We describe all datasets in the manuscript or its Supplementary Information. Genome Reference Consortium Human Build 38 can be accessed at https://www.ncbi.nlm.nih.gov/assembly/GCF_000001405.40/. Sequence data used in this study has been made publicly available in dbGaP Study Accession: phs001642.v1.p1 - Center for Common Disease Genomics [CCDG] - Autoimmune: Inflammatory Bowel Disease (IBD) Exomes and Genomes (https://www.ncbi.nlm.nih.gov/projects/gap/cgi-bin/study.cgi?study_id=phs001642.v1.p1). The summary statistics of Nextera and Twist meta-analysis have been deposited on GitHub (https://github.com/iibdgc/Crohn-s-Disease-WES-meta) (10.5281/zenodo.6564928).

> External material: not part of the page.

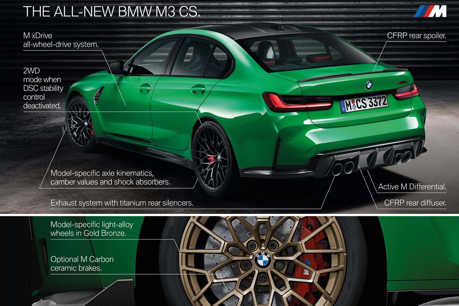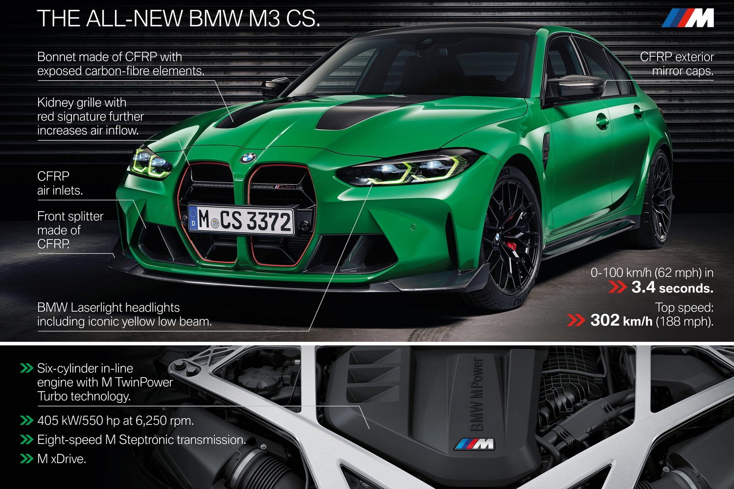 BMW quotes a 0-100km/h time of just 3.4 seconds for the M3 CS, which is 0.3 seconds quicker than the rear-drive M4 CSL coupe can manage. The CS is only 0.1 seconds quicker to 100km/h than the M3 Competition xDrive, however.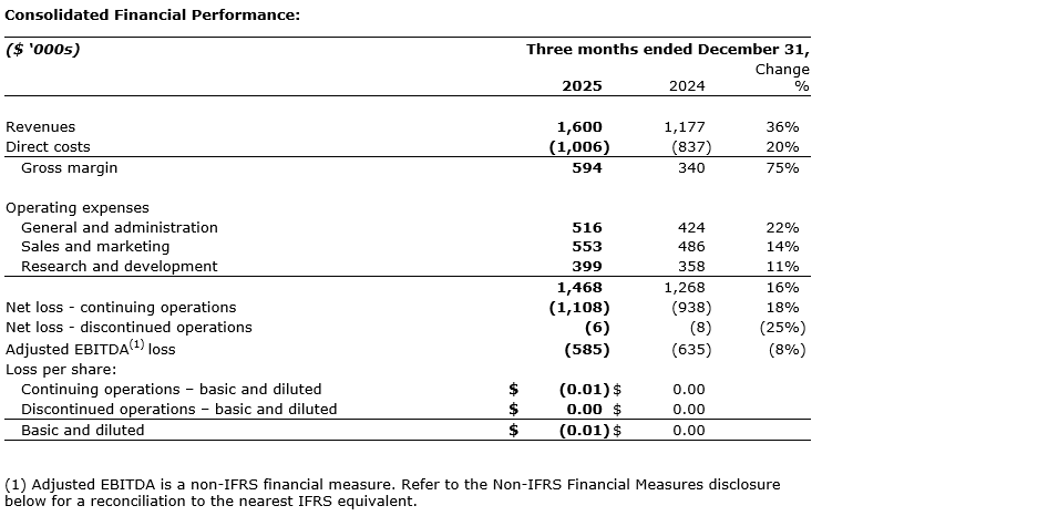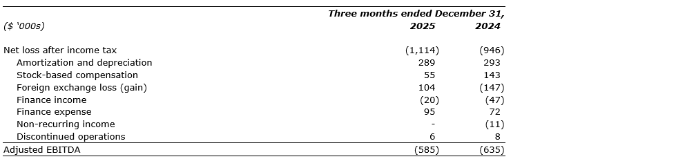 • Reported an adjusted EBITDA (earnings before interest, taxes, depreciation and amortization) (1)) loss of $585 for Q1 2026, an improvement of $50 from the comparable period in the prior year.

This research has been conducted using the UK Biobank Resource and controls made publicly available by dbGaP (phs001000.v1.p1, phs000806.v1.p1 - Myocardial Infarction Genetics Consortium (MIGen), phs000401.v1.p1 - NHLBI GO-ESP Project, phs000298.v4.p3 - Autism Sequencing Consortium (ASC), phs000572.v8.p4 - Alzheimer’s Disease Sequencing Project (ADSP), phs001489.v1.p1 - Epi25 Consortium, phs001095.v1.p1 - T2D-GENES) as well as additional controls from the 1000 Genomes Project, the Epi25 Collaborative, UK-Ireland Collaborators (A. McQuillin, D. Blackwood, A. McIntosh), and collaborators A. Pulver, H. Ostrer, D. Chung, M. Hiltunen, and A. Palotie (H2000 and SUPER cohorts) (Supplementary Table 1).

Code availability

The software and code used are described throughout the Supplementary Methods and can be found at https://github.com/iibdgc/Crohn-s-Disease-WES-meta (10.5281/zenodo.6564928).

Extended Data

Extended Data Fig. 1. Overview of the study design.

Extended Data Fig. 1

We utilized a logistic mixed-model for the association analysis, followed by the fixed-effect meta-analysis to combine multiple cohorts. Multiple cohorts serve the purpose of replication. Two large cohorts at Broad Institute of different exome capture platforms were used to discover candidate variants (Nextera WES and Twist WES ). Two independent cohorts at Sanger (Sanger WGS and Sanger WES) and one Kiel/Regeneron cohort (Regeneron WES) were used to replicate the findings.

Extended Data Fig. 2. Quality control procedures applied in the Broad sequencing pipeline.

Extended Data Fig. 2

We show as an example the quality control steps performed on variants and subjects from the Broad sequencing platform. Quality controls performed on data from other platforms follow a similar plan and are described in Methods. Quality control steps using external information from gnomAD were colored green. Thresholds and details can be found in Methods.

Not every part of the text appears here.